What you need to do
What you return should be every line below, word for word, and none of the images.
◇ ◇ ◇ ◇
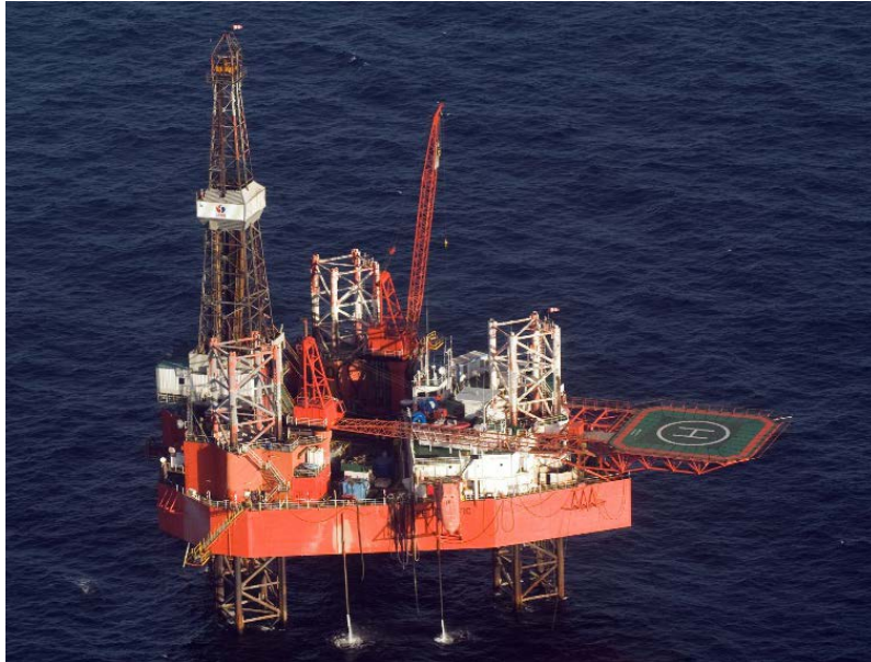
Fot. 1. Prowadząca eksploatację złoża B8 platforma wiertnicza Petrobaltic
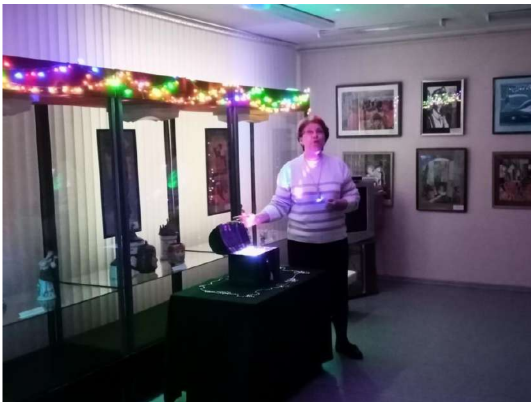
ЮМДИИ, культурно-познавательная программа «В гостях у сказки», январь
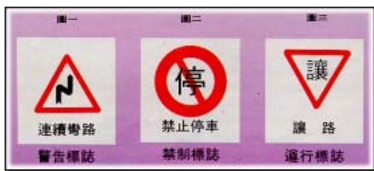
◀圖 2-2 「交通標誌」

符號既與實在對應，又超越實在對象之上，故是形而上。以一個形而上的符號形象去代替客觀世界的存在與運動作形而上的表現，此便是符號之表現意義。例：「v」代表勝利；「骷髏」意味死亡；「交通標誌」圖 2-2；聲音的運用；十字架作宗教之表現；以數理符號作科學之表現；以聲音色彩作藝術之表現等。
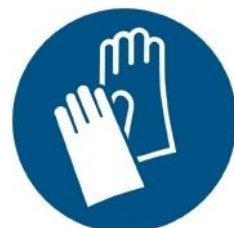
M009 - Indossare guanti protettivi
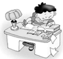
社會領域：寫給自己的信
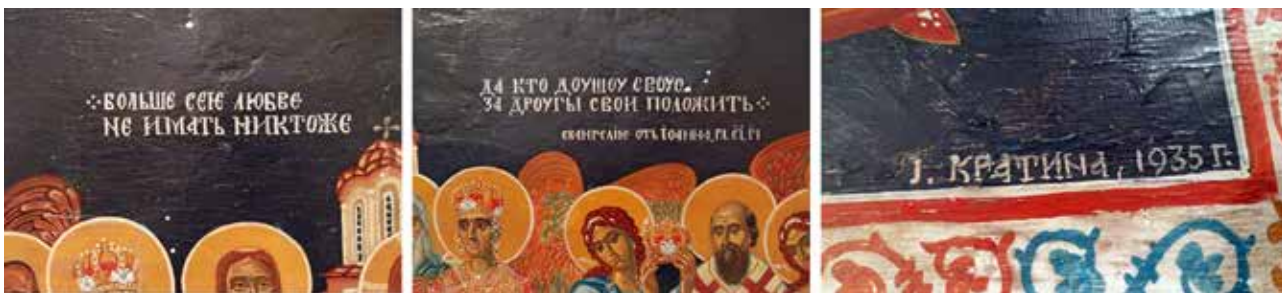
Сл.2 – (а) Детали од испишаниот текст во горната половина(по извршената конзервација); (б) Детал од сигнатурата на авторот и годината

вање зелена боја, како и тонски произведени од мешање со белата боја, за осветлување. Одеждите се изведувани со многу внимание кон деталот, особено во декоративните елементи, како круна, текстури, украсни ленти и сл, а крајната бордурна сликана рамка, од композицијата, е украсувана со флорален мотив, што се репетира во црвена и
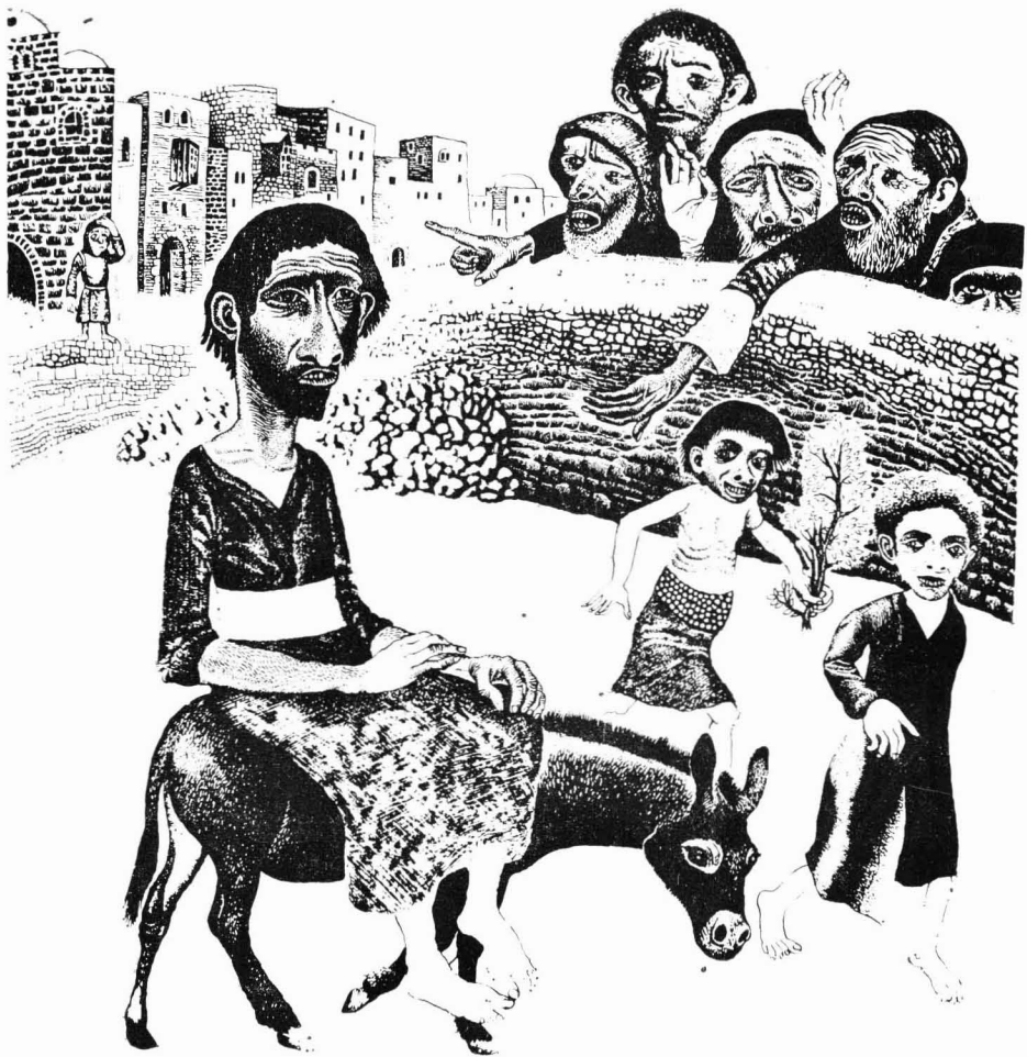
Somogyi Győző: Bevonulás Jeruzsálembe
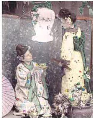
ポストカード ジャパネズリー(部分)

美濃地方は古くから良質な竹や和紙の産地に恵まれ、長良川中流域に位置する岐阜は水運を利用した物資の集散地となっていました。このような地理的条件のもと、岐阜では良質な竹や和紙を材料とした傘・提灯・扇等の生産が発達し、名産品として名を馳せたほか、清らかな水を利用した染物も盛んに行われてきました。これらは日常の用具であるだけでなく、その繊細優美なデザインで多くの人目を惹き、特に明治以降は海外でも高い評価を得ました。さらに近年ではこれらの伝統的なモノ作りは文化としても評価され、国の伝統的工芸品や登録有形民俗文化財、県の郷土工芸品などの指定を受け、職人の製作技術についても注目が高まっています。本展ではこれらの歴史や卓越した機能、デザイン、職人の手仕事の道具などを紹介し、その魅力に迫ります。
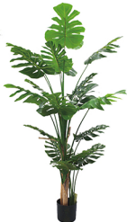
GBZ-006 3种兼叶龟背竹/20叶 H: 170CM
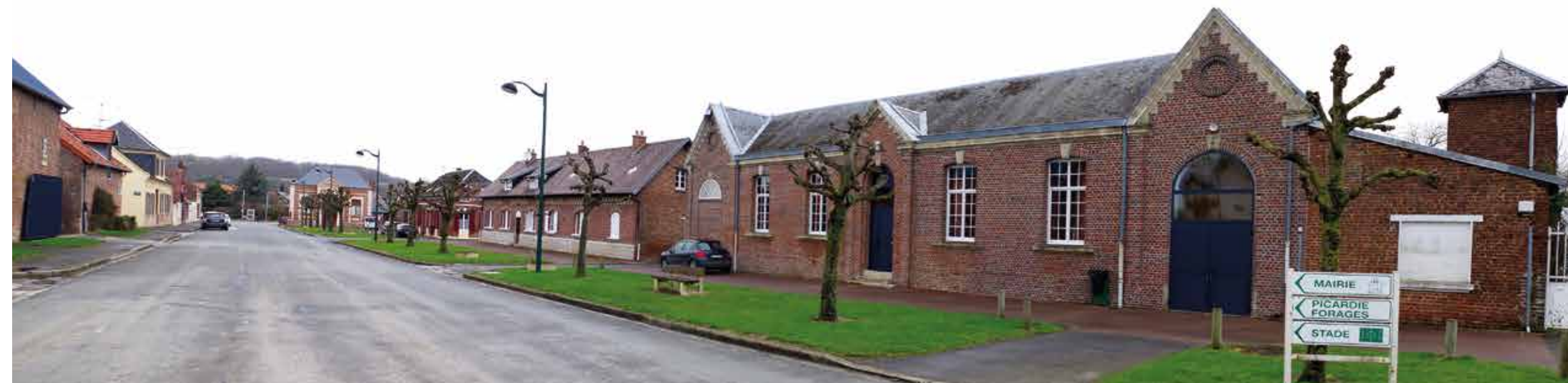
Centre-bourg de Cerisy : constructions traditionnelles picardes de qualité, espaces publics enherbés et perspective vers la mairie aménagée lors de la reconstruction
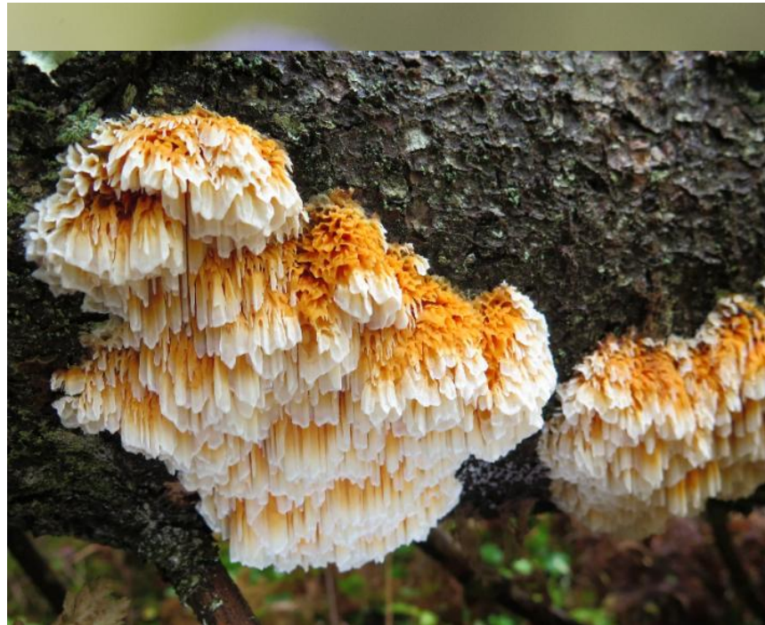
Storsporet flammekjuka.

Norges største populasjon av storsporet flammekjuka (sterkt truet) er ved Katnosa i Ringerike.
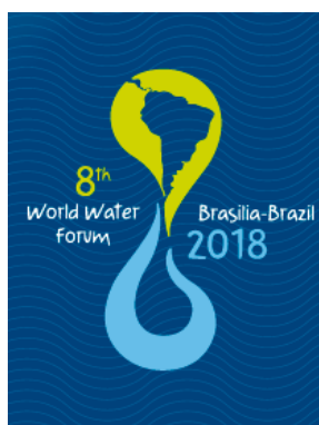
Figura 11 - Banner de Acesso ao 8º Fórum Mundial da Água

Criado em 1996 pelo Conselho Mundial da Água, o Fórum foi idealizado para estabelecer compromissos políticos acerca dos recursos hídricos. As edições anteriores aconteceram em Marrakesh, Marrocos (1997); Haia, Holanda (2000); Quioto, Shiga e Osaka, Japão (2003);
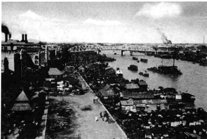
二十世纪三十年代初，长堤河岸南拓后，建起海珠桥和五仙门发电厂

仅局限于一德路，甚至惠福路一线，退缩至广州旧城墙的墙脚之下。放眼前方，五六百米宽的“海面”，烟波浩渺，是名副其实的“海”。寸金尺土，伴随着每隔五六十年就来一次的向南拓展，一如所愿，新河堤向“海面”延伸，为政府和商家带来滚滚财源的同时，也给市民大众开辟了一片生活和出行的空间。
◇ ◇ ◇ ◇
Result of this exercise
Fot. 1. Prowadząca eksploatację złoża B8 platforma wiertnicza Petrobaltic
ЮМДИИ, культурно-познавательная программа «В гостях у сказки», январь
◀圖 2-2 「交通標誌」

符號既與實在對應，又超越實在對象之上，故是形而上。以一個形而上的符號形象去代替客觀世界的存在與運動作形而上的表現，此便是符號之表現意義。例：「v」代表勝利；「骷髏」意味死亡；「交通標誌」圖 2-2；聲音的運用；十字架作宗教之表現；以數理符號作科學之表現；以聲音色彩作藝術之表現等。
M009 - Indossare guanti protettivi
社會領域：寫給自己的信
Сл.2 – (а) Детали од испишаниот текст во горната половина(по извршената конзервација); (б) Детал од сигнатурата на авторот и годината

вање зелена боја, како и тонски произведени од мешање со белата боја, за осветлување. Одеждите се изведувани со многу внимание кон деталот, особено во декоративните елементи, како круна, текстури, украсни ленти и сл, а крајната бордурна сликана рамка, од композицијата, е украсувана со флорален мотив, што се репетира во црвена и
Somogyi Győző: Bevonulás Jeruzsálembe
ポストカード ジャパネズリー(部分)

美濃地方は古くから良質な竹や和紙の産地に恵まれ、長良川中流域に位置する岐阜は水運を利用した物資の集散地となっていました。このような地理的条件のもと、岐阜では良質な竹や和紙を材料とした傘・提灯・扇等の生産が発達し、名産品として名を馳せたほか、清らかな水を利用した染物も盛んに行われてきました。これらは日常の用具であるだけでなく、その繊細優美なデザインで多くの人目を惹き、特に明治以降は海外でも高い評価を得ました。さらに近年ではこれらの伝統的なモノ作りは文化としても評価され、国の伝統的工芸品や登録有形民俗文化財、県の郷土工芸品などの指定を受け、職人の製作技術についても注目が高まっています。本展ではこれらの歴史や卓越した機能、デザイン、職人の手仕事の道具などを紹介し、その魅力に迫ります。
GBZ-006 3种兼叶龟背竹/20叶 H: 170CM
Centre-bourg de Cerisy : constructions traditionnelles picardes de qualité, espaces publics enherbés et perspective vers la mairie aménagée lors de la reconstruction
Storsporet flammekjuka.

Norges største populasjon av storsporet flammekjuka (sterkt truet) er ved Katnosa i Ringerike.
Figura 11 - Banner de Acesso ao 8º Fórum Mundial da Água

Criado em 1996 pelo Conselho Mundial da Água, o Fórum foi idealizado para estabelecer compromissos políticos acerca dos recursos hídricos. As edições anteriores aconteceram em Marrakesh, Marrocos (1997); Haia, Holanda (2000); Quioto, Shiga e Osaka, Japão (2003);
二十世纪三十年代初，长堤河岸南拓后，建起海珠桥和五仙门发电厂

仅局限于一德路，甚至惠福路一线，退缩至广州旧城墙的墙脚之下。放眼前方，五六百米宽的“海面”，烟波浩渺，是名副其实的“海”。寸金尺土，伴随着每隔五六十年就来一次的向南拓展，一如所愿，新河堤向“海面”延伸，为政府和商家带来滚滚财源的同时，也给市民大众开辟了一片生活和出行的空间。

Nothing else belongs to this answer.